Gap scaling at Berezinskii-Kosterlitz-Thouless quantum critical points in one-dimensional Hubbard and Heisenberg models

TL;DR

This paper demonstrates that gap-scaling analysis, including logarithmic corrections, can accurately locate Berezinskii-Kosterlitz-Thouless (BKT) critical points in various quantum models, overcoming challenges of traditional methods.

Contribution

It introduces a generic gap-scaling approach with logarithmic corrections for precise BKT transition detection in spin and fermionic models.

Findings

Effective in non-integrable spin-$3/2$ XXZ model with finite-size effects

Consistent results for BKT transition in extended Hubbard model

First estimates of BKT line in anisotropic extended Hubbard model

Abstract

We discuss how to locate critical points in the Berezinskii-Kosterlitz-Thouless (BKT) universality class by means of gap-scaling analyses. While accurately determining such points using gap extrapolation procedures is usually challenging and inaccurate due to the exponentially small value of the gap in the vicinity of the critical point, we show that a generic gap-scaling analysis, including the effects of logarithmic corrections, provides very accurate estimates of BKT transition points in a variety of spin and fermionic models. As a first example, we show how the scaling procedure, combined with density-matrix-renormalization-group simulations, performs extremely well in a non-integrable spin-$3/2$ XXZ model, which is known to exhibit strong finite-size effects.

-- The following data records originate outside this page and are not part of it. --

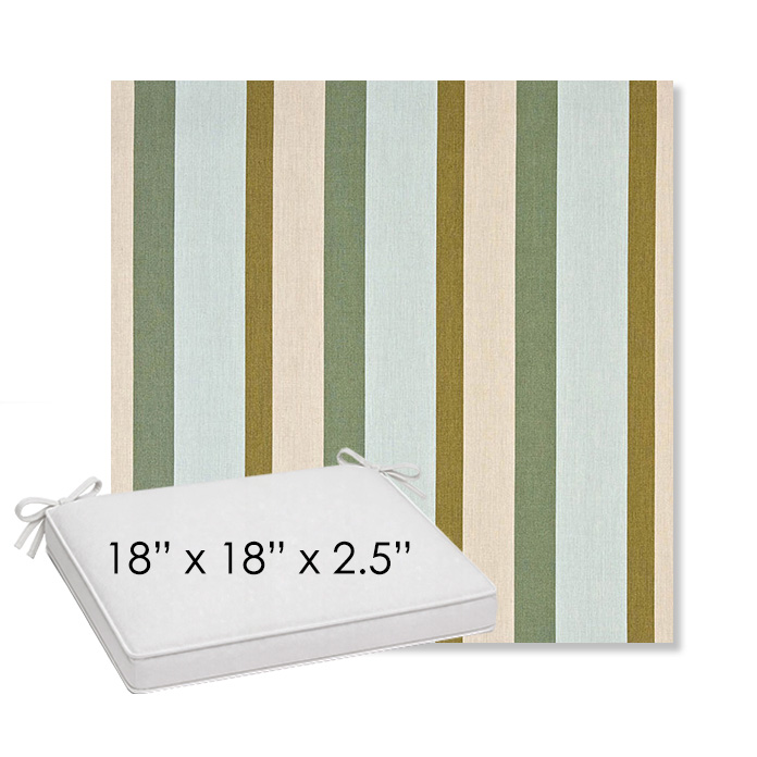 18" x 18" x 2.5" Thick outdoor dining chair seat cushion designed for a simple, ready-to-order fit. Features a boxed construction with piping, fabric ties, and zipper opening. Made in 700+ Sunbrella® fabrics for long-lasting outdoor performance.
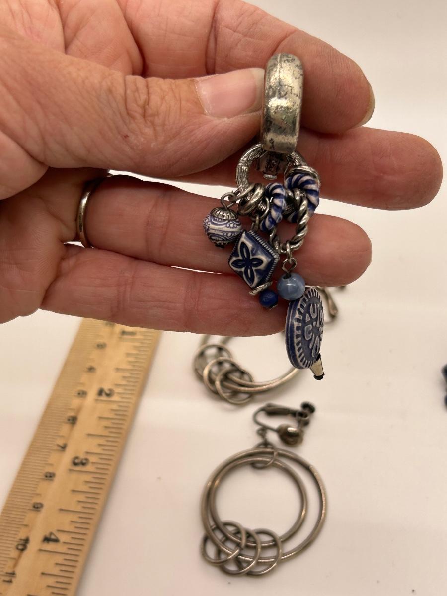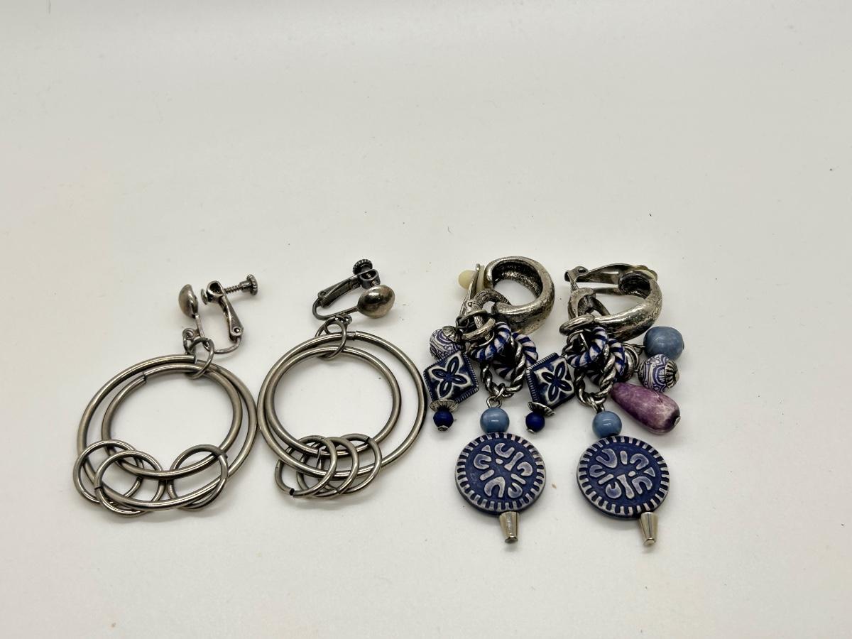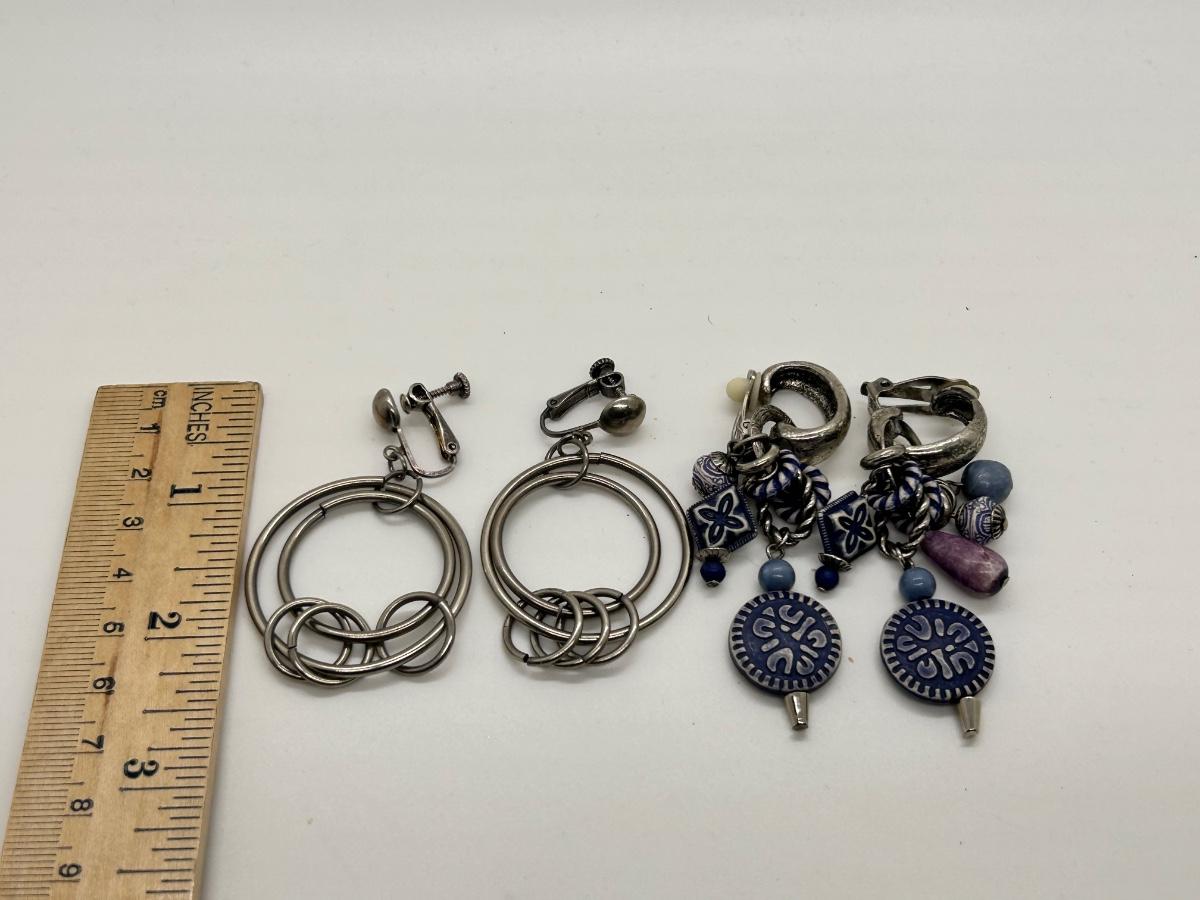Two Pairs of Silver Tone Dangling Clip Style Earrings
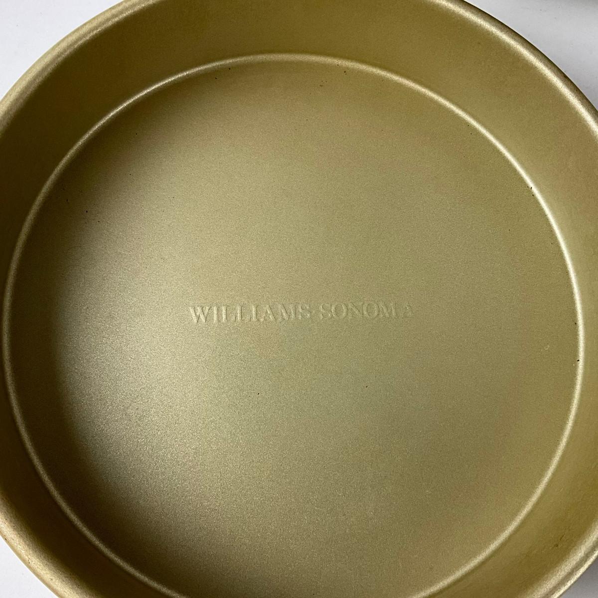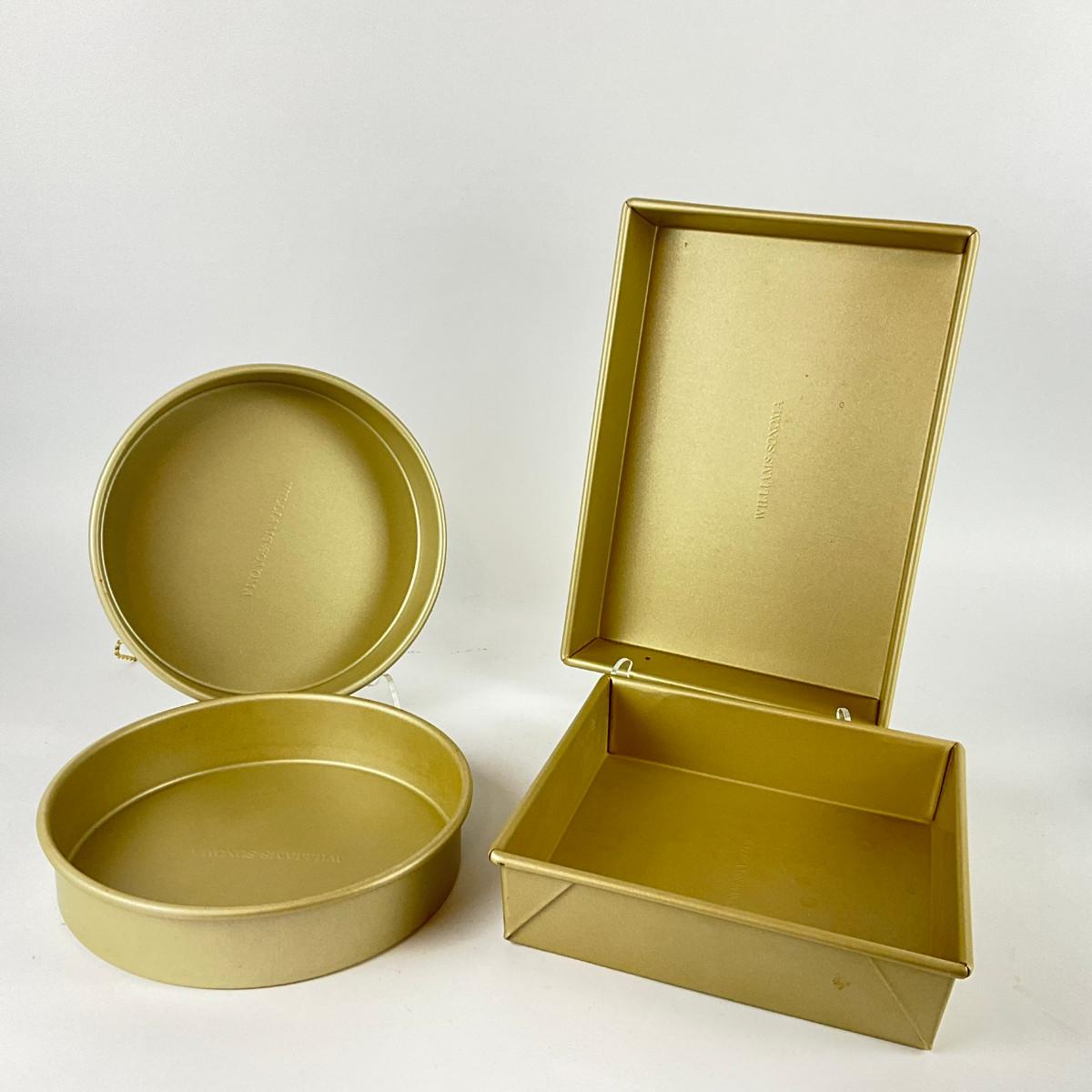 Has two 9.5" diameter pans, one 13.5" wide x 9.5" deep rectangle pan, and one 9.5" square pan

We then analyze the extended Hubbard model, whose BKT transition has been debated, finding results that are consistent with previous studies based on the scaling of the Luttinger-liquid parameter. Finally, we investigate an anisotropic extended Hubbard model, for which we present the first estimates of the BKT transition line based on large-scale density-matrix-renormalization-group simulations. Our work demonstrates how gap-scaling analyses can help to locate accurately and efficiently BKT critical points, without relying on model-dependent scaling assumptions.